Similarly, in base-12:
0.1 = 1/12
0.14 = 1/12 + 4/144 = 1/9
0.16 = 1/12 + 6/144 = 1/8
0.2 = 2/12 = 1/6
0.3 = 3/12 = 1/4
0.4 = 4/12 = 1/3
0.6 = 6/12 = 1/2
0.8 = 8/12 = 2/3
0.9 = 9/12 = 3/4
0.A = 10/12 = 5/6
Notice that several common fractions have simpler representations in
base-12 than in base-10. For this reason, there are people who believe
that base-12 is superior to base-10.
(
http://www.dozenalsociety.org.uk)
Could someone show me how to do what I need?
You'll need 3 things:
(1) An algorithm for computing approximations of pi.
The simplest one is 4*(1-1/3+1/5-1/7+1/9-1/11+...), which is based on
the Taylor series expansion of 4*arctan(1).
There are other, faster ways. Search Google for them.
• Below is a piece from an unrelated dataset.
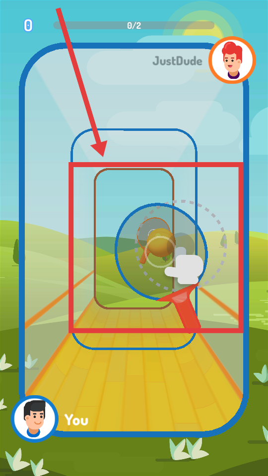 2、游戲中與對手對戰,觀察球的軌跡在合適時機滑動球拍,將球擊入對方區域爭取得分。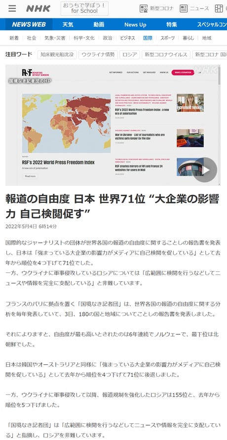 国際的なジャーナリストの団体が世界各国の報道の自由度に関することしの報告書を発表し、日本は「強まっている大企業の影響力がメディアに自己検閲を促している」として去年から順位を4つ下げて71位でした。

(2) An unlimited-precision numeric representation. The standard
"float" isn't good enough: It has only 53 bits of precision, which is
only enough for 14 base-12 digits.
The "decimal" module will probably work, although of course its base-10
internal representation will introduce slight inaccuracies.
(3) A function for converting numbers to their base-12 representation.
For integers, this can be done with:
DIGITS = "0123456789ABCDEFGHIJKLMNOPQRSTUVWXYZ"
def itoa(num, radix=10):
is_negative = False
if num < 0:
is_negative = True
num = -num
digits = []
while num >= radix:
num, last_digit = divmod(num, radix)
digits.append(DIGITS[last_digit])
digits.append(DIGITS[num])
if is_negative:
digits.append("-")
digits.reverse()
return ''.join(digits)
For a floating-point number x, the representation with d "decimal"
places count be found by taking the representation of int(round(x *
radix ** d)) and inserting a "." d places from the right.